Essentially, the price of debt-sharing through deeper economic union is loss of national economic sovereignty.
"I mean, is France then allowed to have a nuclear bomb which costs I don't know how many millions… and then have a budget deficit?" asks Guerot.
And this is when you realise the political implications of what may be happening as governments promise to unite further to save the euro. A new world in which other countries, led by Germany, question France's right to nuclear weapons.
But in a Europe becoming, in many ways, increasingly nationalistic and eurosceptic, as election results in Greece, France and the Netherlands demonstrate, that is hardly likely to win easy acceptance.

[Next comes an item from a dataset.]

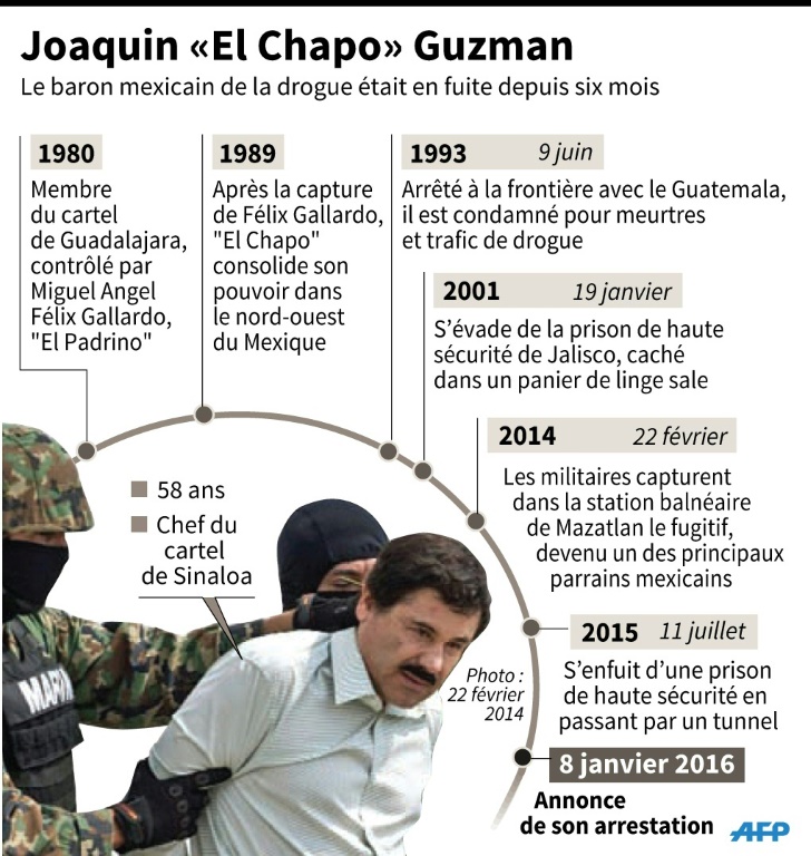 Simple petit paysan cultivant la marijuana, Joaquin "El Chapo" Guzman était devenu l'un des hommes les plus riches de la planète et le narcotrafiquant le plus recherché. Sa tête était mise à prix 3,8 millions de dollars (3,4 millions d'euros) par le gouvernement mexicain.

German and French leaders will continue to insist that theirs is the key European partnership.
But historian David Marsh believes "the forces of history are probably moving away from the Franco-German alliance", with Germany placing increasing emphasis on new economic interests to the east, ranging from central Europe to Russia to China.
And personal relations between Chancellor Merkel and the new French President Francois Hollande are far from warm - she offered to campaign for Nicolas Sarkozy in the French presidential elections.
After Hollande was elected, his spokesman Benoit Hamon warned Berlin in a recent French TV interview: "We didn't have an election to get a European president called Mrs Merkel who has the power to decide everyone else's fate."
Imagine, then, the French response to that German idea of countries failing to follow strict spending rules handing over their national sovereignty.
And Hollande has a very different vision of how the eurozone should evolve - keen on seeing it as a club that, with the help of France's political leadership, sustains the financing of European growth.
Find out more
Chris Bowlby presents Eurogeddon II on Analysis on BBC Radio 4 on Sunday, 1 July at 21:30 BST.
So, while European leaders stress their determination to move towards a new kind of union to save the single currency, that only begins what will be the toughest of political as well as economic struggles.
"Over a three- to five-year time frame," argues David Marsh, "we will see this reduced to a Germanic core and we will have to ask ourselves whether France will be part of that core."
Unthinkable? Yes, many in Europe will say. The eurozone, just like the European Union, will muddle through this crisis, and a more united continent will eventually emerge.
But until a few months ago, the unchallenged orthodoxy was that the euro was irreversible - it was simply inconceivable and impossible for anyone to leave. Few say that now.
The challenge now, says Lord Mandelson, is "complete the project or sit back and watch it fail further".
"If the eurozone fell apart," he warns, "the human and social costs of the economic chaos… would be colossal."
But in trying to fix the currency crisis, could Europe be risking a split at the heart of European integration itself?